- **ASSIGNED TASK**:
This exercise asks for an exact copy of the lines from the one containing "작업 집합이 가장 커지는" through the final line of the material, with pictures omitted.

- **COLLECTED DATA**:
***

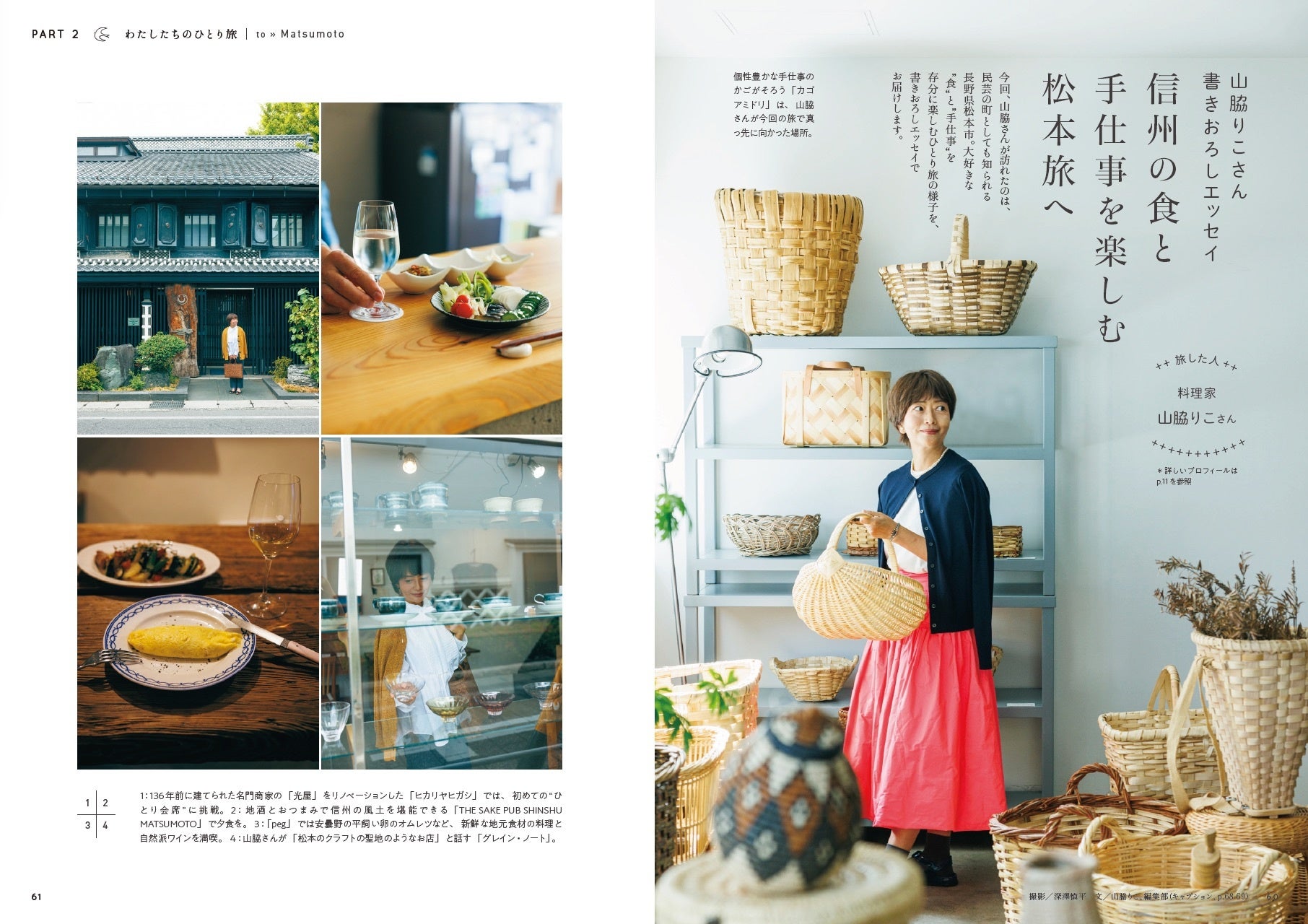 山脇りこさんの書き下ろしエッセイでお届けするのは「信州の食と手仕事を楽しむ松本旅」。旅の臨場感あふれる、いきいきとしたエッセイは必読です。
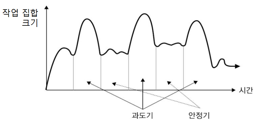 작업 집합이 가장 커지는 시기를 과도기, 작업 집합 크기 변동이 완만한 시기를 안정기라고 부른다.
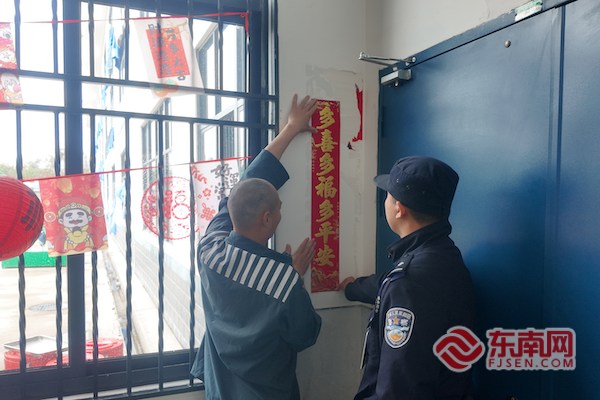在闽西监狱民警的指导和组织下,一名罪犯在贴春联 闽西监狱供图
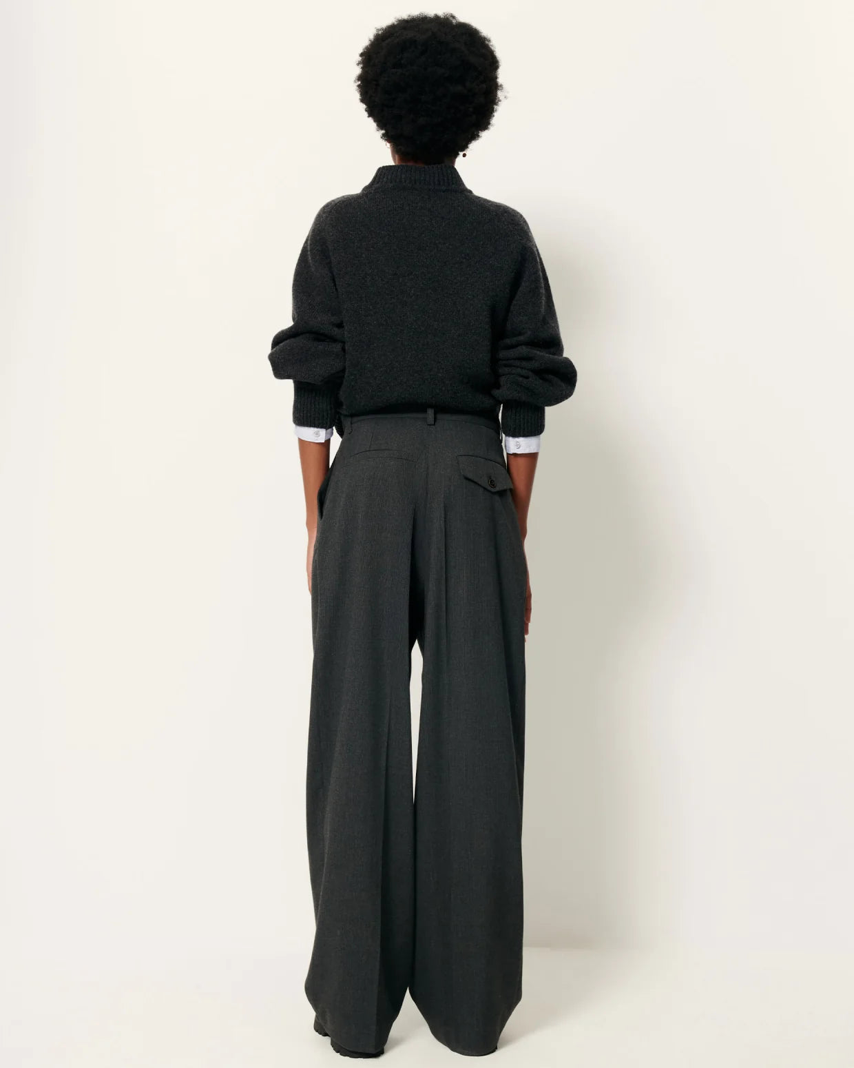 Masculine inspired tailored trousers with knife pleats at the waist in soft chambray-effect Oxford fabric.

***

- **TASK RESULT**:
 작업 집합이 가장 커지는 시기를 과도기, 작업 집합 크기 변동이 완만한 시기를 안정기라고 부른다.
在闽西监狱民警的指导和组织下,一名罪犯在贴春联 闽西监狱供图
 Masculine inspired tailored trousers with knife pleats at the waist in soft chambray-effect Oxford fabric.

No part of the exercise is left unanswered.